Keith Welch

Personal information
- Date of birth: 3 October 1968 (age 56)
- Place of birth: Bolton, England
- Height: 6 ft 0 in (1.83 m)
- Position(s): Goalkeeper

Youth career
- 1986–1987: Bolton Wanderers

Senior career*
- Years: Team / Apps / (Gls)
- 1987–1991: Rochdale / 205 / (0)
- 1991–1999: Bristol City / 273 / (0)
- 1999–2002: Northampton Town / 117 / (0)
- 2002: Tranmere Rovers / 2 / (0)
- 2002: Torquay United / 3 / (0)
- 2003: Mansfield Town / 9 / (0)

= Keith Welch =

English footballer

Keith Welch (born 3 October 1968) is an English footballer who played as a goalkeeper in the Football League between the 1980s and 2000s, with Rochdale, Bristol City, Northampton Town, Tranmere Rovers, Torquay United and Mansfield Town.

He started with Bolton Wanderers as a trainee, but moved to Rochdale in 1987 and made his Football League debut with them, going on to play 205 League games for the club. He transferred to Bristol City in 1991 for £200,000 and went on to play 321 times for them before moving on in 1999.
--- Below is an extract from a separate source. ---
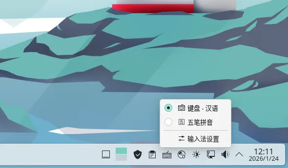 重启后,右下角就有键盘的图标了,可以单击右键配置输入法了,我是使用五笔输入法的,因此,选择了五笔拼音输入法。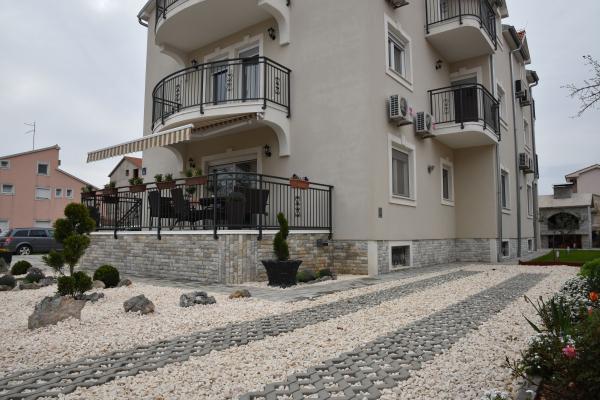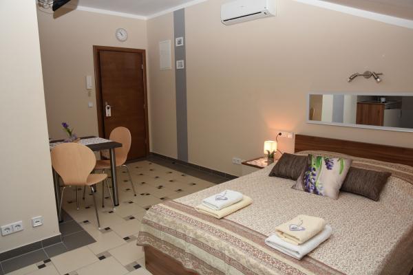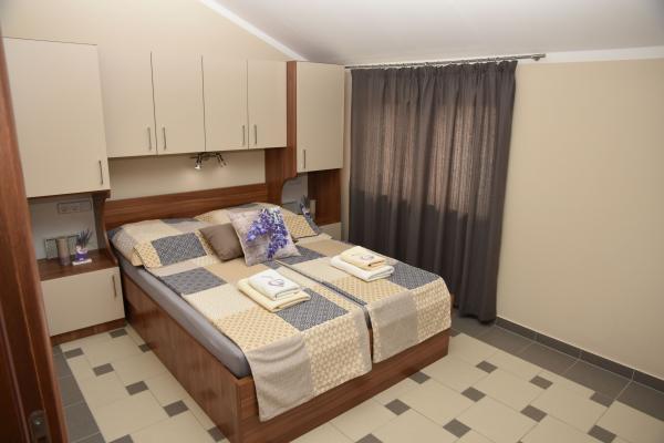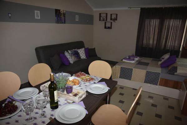 Apartmaji Lavendula ponujajo kakovostno namestitev v bližini plaže. Apartmaji se nahajajo v novo zgrajeni apartmajski hiši z lepo urejenimi vrtovi, igralnim prostorom in zabaviščnim prostorom ter zasebnim parkiriščem. Objekt je od plaže oddaljen 450 m, v hiši pa so restavracije, tržnica, bankomat, zabaviščni park, 600 m od hiše. Namestitev je primerna za družinsko bivanje v Vodicah. Nastanitev je na voljo v 9 novozgrajenih apartmajih. Vsaka nastanitvena enota ima popolnoma opremljeno kuhinjo, zakonsko posteljo, dodatno ležišče, kopalnico (WC), klimatsko napravo, internet, satelitsko televizijo, okno in balkon z mizo in stoli. Gostje imajo dostop do: igralnice in sobe za zabavo s pikado, biljard in namizni nogomet, urejen vrt z vrtno garnituro in opremo za peko na žaru, parkirni prostor. Dodatne storitve (doplačilo) - Oddaljenost izposoje koles - Prenos iz / na letališče Usluga prevoza Želimo vam srčno dobrodošlico in prijetno bivanje Apartmaji LAVENDULA Vodice

He spent the next three seasons at Northampton Town making 127 appearances before leaving in 2002. As of January 2010 he had the third-longest spell for consecutive minutes keeping a clean sheet at Northampton, having managed 467 minutes in 2000.

He signed for Tranmere Rovers in Summer 2002, primarily to act as cover for John Achterberg, but he suffered a groin injury on his opening-day debut against Port Vale. He made his second Tranmere appearance on 21 September 2002 against Crewe Alexandra, but he dislocated his shoulder in the game, and was substituted for Tranmere's goalkeeping coach Eric Nixon. This was to be his final appearance for Tranmere although he went on to have further short spells that season with Torquay United and Mansfield Town. He made his final Football League appearance on 29 March 2003, for Mansfield against Peterborough United, and he was subsequently released by Mansfield that summer.